Нил поджимает губы, чувствуя, как по щекам разливается тепло, хмурится, попутно благодаря вселенную за то, что единственным источником света остается полуприкрытый ноутбук Эндрю, но уже через секунду Нил сдается и просто выдыхает, выпуская вместе с воздухом часть напряжения.
— Ладно, — говорит он, смирившись. — Что именно, по твоему мнению, я должен был понять?

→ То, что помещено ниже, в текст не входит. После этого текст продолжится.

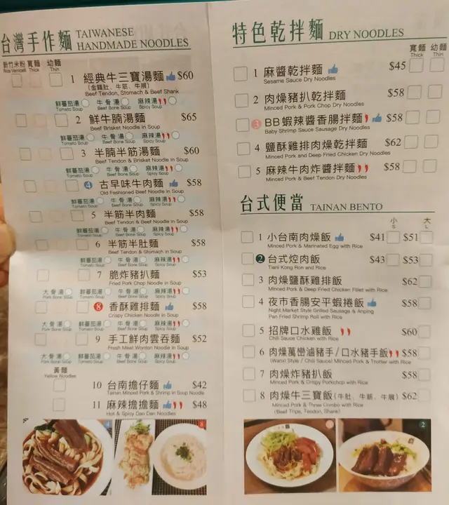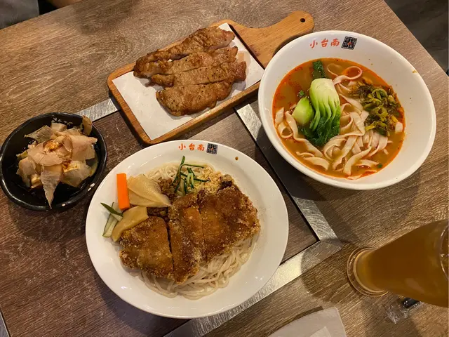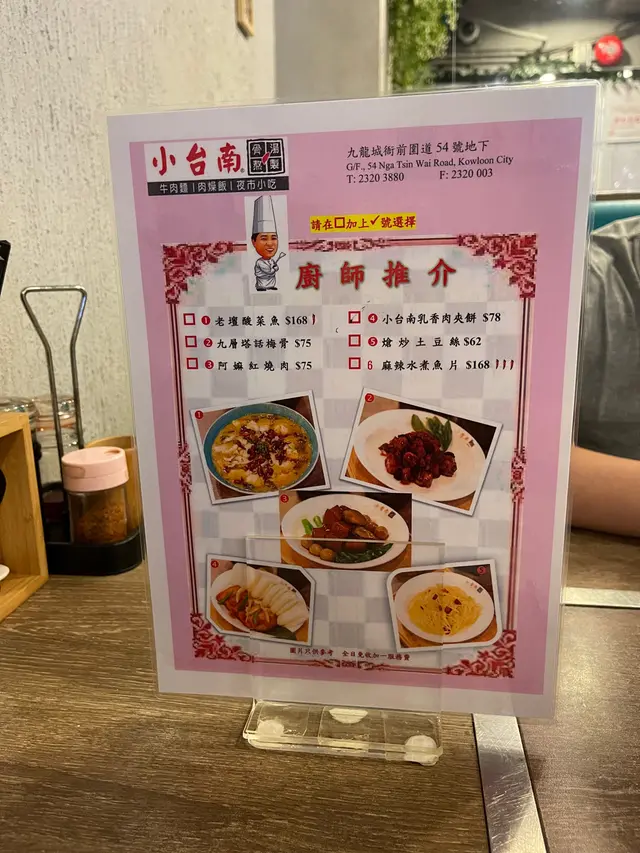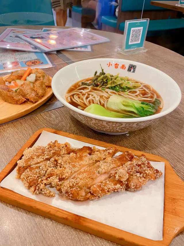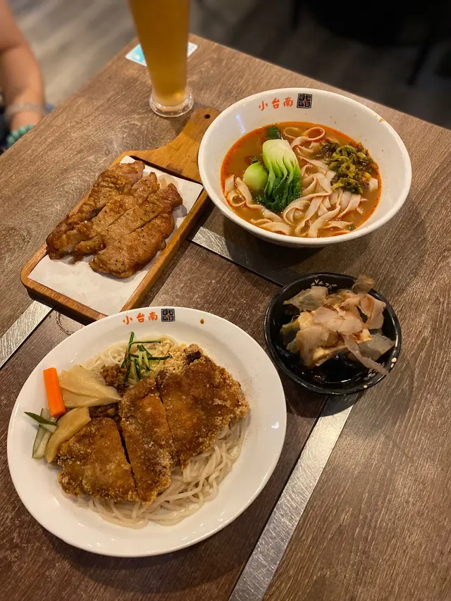 今日同學生一齊去食晏,佢哋揀咗呢間小台南台式餐廳,話夠平夠抵食。在場仲有好多其他學生幫襯,好彩行得快好世界🤪各款午市套餐價錢都非常之超值,大約$50-$70左右,仲包埋飲品,經濟好選擇👍🏼各款套餐嘅水準都好唔錯,特別係炸豬扒同鹽酥雞扒,香脆Juice肉味香濃👍🏼,唯獨是特色小菜套餐配嘅飯唔係珍珠米係絲苗米,有一點點可惜,因為我唔鍾意食絲苗米🤪。午市優惠套餐任意配搭湯麵套餐脆炸豬扒湯麵(寬麵、麻辣湯)$55特色乾拌麵套餐大東鹽酥雞扒拌麵$58特色小菜套餐(跟絲苗白飯一碗)老壇酸菜魚$75麻辣水煮牛肉$68冬瓜茶+6洛神花茶+6 …查看更多

Эндрю, который до этого сидел полубоком, медленно разворачивается к нему всем корпусом. Он садится по-турецки, скрестив ноги, и опирается локтями на собственные колени, складывая руки перед собой. Потом наклоняется ближе к зеркалу, сокращая дистанцию между ними, так что его лицо, даже слабо освещенное, становится четче, и Нил тоже склоняется вперед, притягиваемый невидимой нитью.

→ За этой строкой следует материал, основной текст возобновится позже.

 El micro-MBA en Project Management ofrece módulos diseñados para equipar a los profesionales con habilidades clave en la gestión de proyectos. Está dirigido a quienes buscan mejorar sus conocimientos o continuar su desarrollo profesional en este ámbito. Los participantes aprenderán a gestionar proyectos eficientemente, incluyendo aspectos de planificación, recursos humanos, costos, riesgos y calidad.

— Ты должен был понять, что героиня все это время бегала не от реальных людей, а от призраков, — говорит Эндрю тихим, вкрадчивым голосом, и Нил замирает, прекращая даже дышать. — Да, это страшно, но эти призраки уже не могли навредить ей, не могли повлиять на ее настоящую жизнь, на ее сегодняшний день. А вот она сама — могла. И повлияла. Именно она сама и рушила все вокруг себя, шаг за шагом. Понимаешь? — уточняет Эндрю, и его рука поднимается, чтобы тыкнуть указательным пальцем в воздух, направляя его к стеклу, будто продавливая невидимую мембрану между ними. — Не было никакого рационального смысла делать все то, что она делала — сжигать мосты, отталкивать людей, замуровывать себя в своем доме, но она не смотрела вокруг, не видела возможностей, которые у нее были. Она смотрела только внутрь, только на свой собственный, выдуманный страх, разрушая все, что могло бы у нее быть.

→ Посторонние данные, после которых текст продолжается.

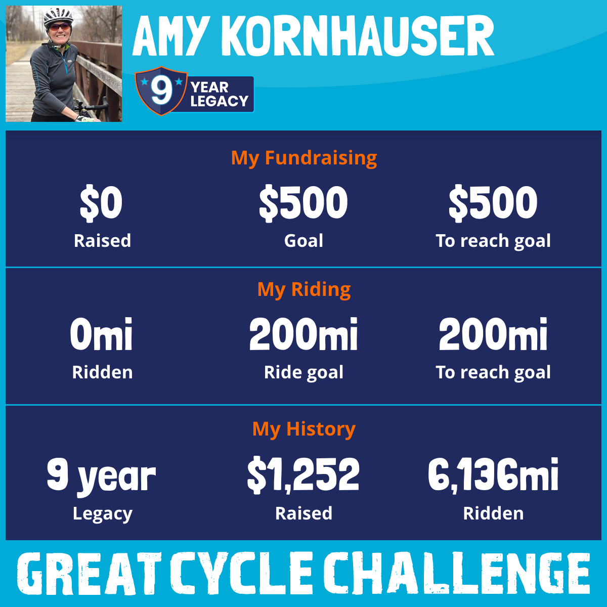 I'm riding in memory of K.C. Kays, our courageous hero from Lebanon. Since 2017, I've ridden over 6,000 miles to support kids' cancer research. Donate now!

Нил сидит неподвижно в темноте своей ванной и слушает; понимание приходит к нему не как внезапная, ослепительная вспышка, не как озарение, которое переворачивает мир с ног на голову, но оно стелется медленно, неумолимо, как тяжелый, ледяной туман, наползающий с реки на спящий город. Это словно тяжелое, лишающее воздуха погружение в ледяную воду, от которой немеют конечности и замедляется сердце.
Каждое слово падает в него с весом свинцовой гири, и они складываются в картину, которую он узнает с закрытыми глазами. Он не знает, как на это ответить, потому что первое, что рождается у него на языке, в самой глубине горла, — это едкая, защитная отповедь, отточенная за годы выживания; это язвительные слова о том, что Эндрю не рассчитал аудиторию чертового фильма; что все эти заумные метафоры пролетают мимо; что Нил, не понял ни единого слова из его монолога.
Но следующая мысль, следующая волна осознания накатывает мгновенно, и накрывает все эти готовые сорваться слова с головой. Она хоронит их где-то в глубине пищевода, не позволяя им выбраться наружу, превращая в комок ледяной горечи.
Конечно, конечно Нил понимает, о чем говорит Эндрю.
Понимает не умом, а всем своим существом, каждой зажившей раной, каждым ночным кошмаром. Потому что речь ведь идет не о декорациях, не о красивой, страдающей в интерьерах героине, верно?
И тогда, поверх этого всплывает другая, более острая и странная мысль, вопрос, который Нил хочет задать — зачем Эндрю это делает? Зачем человек, который с такой демонстративной безразличностью относится к собственной жизни, к своему будущему, снова и снова, пусть и окольными, завуалированными путями, пытается вытащить из трясины людей вокруг себя? Свою семью, конечно, да, но и Нила, мальчика, который даже не из его вселенной, который является по сути глюком, аномалией, которой не должно быть в мире Эндрю.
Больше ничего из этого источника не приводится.